### EXERCISE AIM
Only the lines below from the one that contains "Cette vue de" through the one that contains "Повседневный свитер с" should appear in your answer, exact and without pictures.

### EXERCISE INPUTS
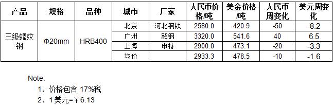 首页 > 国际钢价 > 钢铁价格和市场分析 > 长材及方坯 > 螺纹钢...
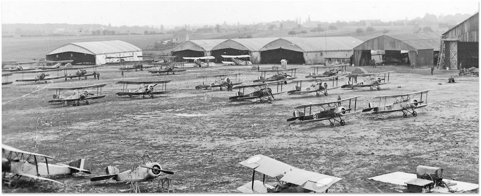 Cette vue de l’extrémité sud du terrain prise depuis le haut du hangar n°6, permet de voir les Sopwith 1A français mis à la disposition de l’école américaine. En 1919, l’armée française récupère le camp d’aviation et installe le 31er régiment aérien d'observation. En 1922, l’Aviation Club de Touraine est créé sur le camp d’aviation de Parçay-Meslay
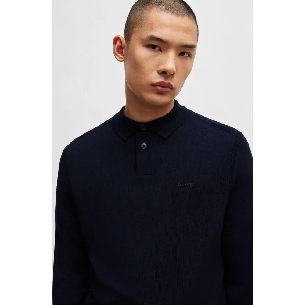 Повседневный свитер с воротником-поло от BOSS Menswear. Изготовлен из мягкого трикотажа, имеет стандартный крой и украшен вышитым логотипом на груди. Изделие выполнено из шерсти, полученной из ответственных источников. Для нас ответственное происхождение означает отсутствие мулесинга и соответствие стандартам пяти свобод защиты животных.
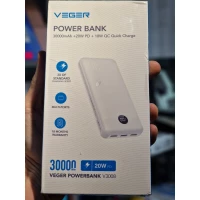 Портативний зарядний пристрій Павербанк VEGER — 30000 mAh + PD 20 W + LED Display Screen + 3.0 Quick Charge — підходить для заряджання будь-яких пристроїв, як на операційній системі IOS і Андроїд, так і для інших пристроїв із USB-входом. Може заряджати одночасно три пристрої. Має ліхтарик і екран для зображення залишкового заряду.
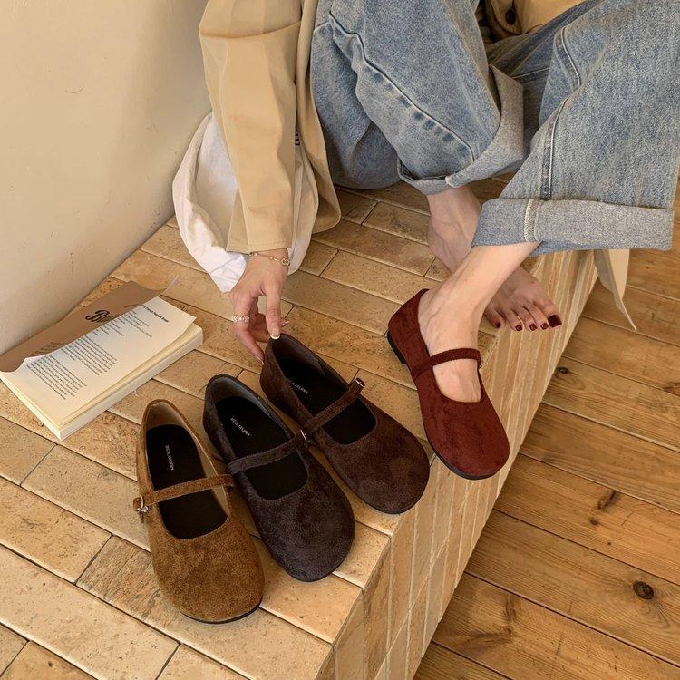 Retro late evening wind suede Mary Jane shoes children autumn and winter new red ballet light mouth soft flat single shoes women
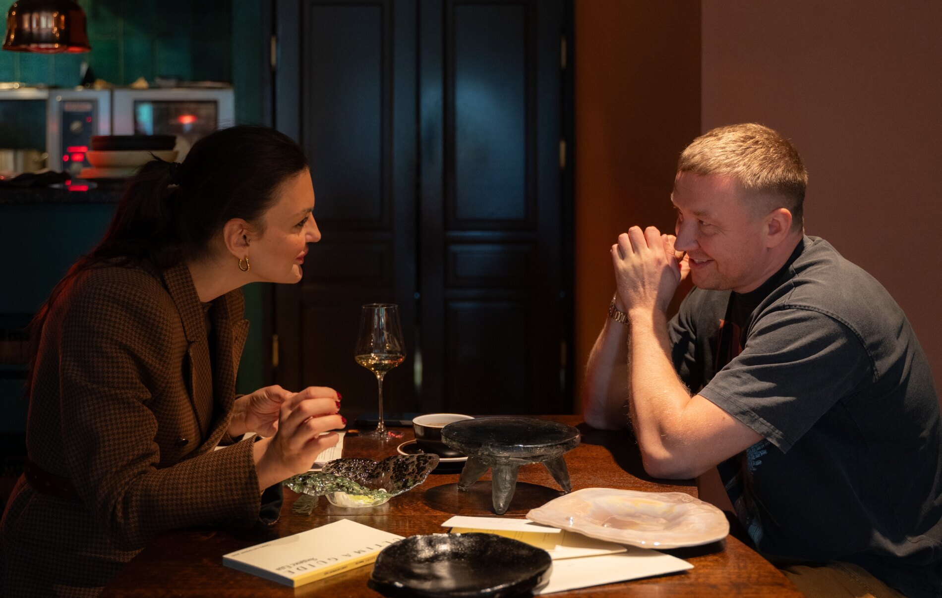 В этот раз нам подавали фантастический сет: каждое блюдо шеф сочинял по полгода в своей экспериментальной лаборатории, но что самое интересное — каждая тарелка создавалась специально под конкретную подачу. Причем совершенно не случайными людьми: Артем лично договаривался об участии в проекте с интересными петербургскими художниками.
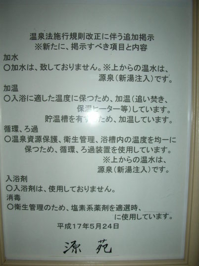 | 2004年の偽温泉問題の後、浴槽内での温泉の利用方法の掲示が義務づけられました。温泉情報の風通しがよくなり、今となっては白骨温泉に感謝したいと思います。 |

### ANSWER BELOW
 Cette vue de l’extrémité sud du terrain prise depuis le haut du hangar n°6, permet de voir les Sopwith 1A français mis à la disposition de l’école américaine. En 1919, l’armée française récupère le camp d’aviation et installe le 31er régiment aérien d'observation. En 1922, l’Aviation Club de Touraine est créé sur le camp d’aviation de Parçay-Meslay
 Повседневный свитер с воротником-поло от BOSS Menswear. Изготовлен из мягкого трикотажа, имеет стандартный крой и украшен вышитым логотипом на груди. Изделие выполнено из шерсти, полученной из ответственных источников. Для нас ответственное происхождение означает отсутствие мулесинга и соответствие стандартам пяти свобод защиты животных.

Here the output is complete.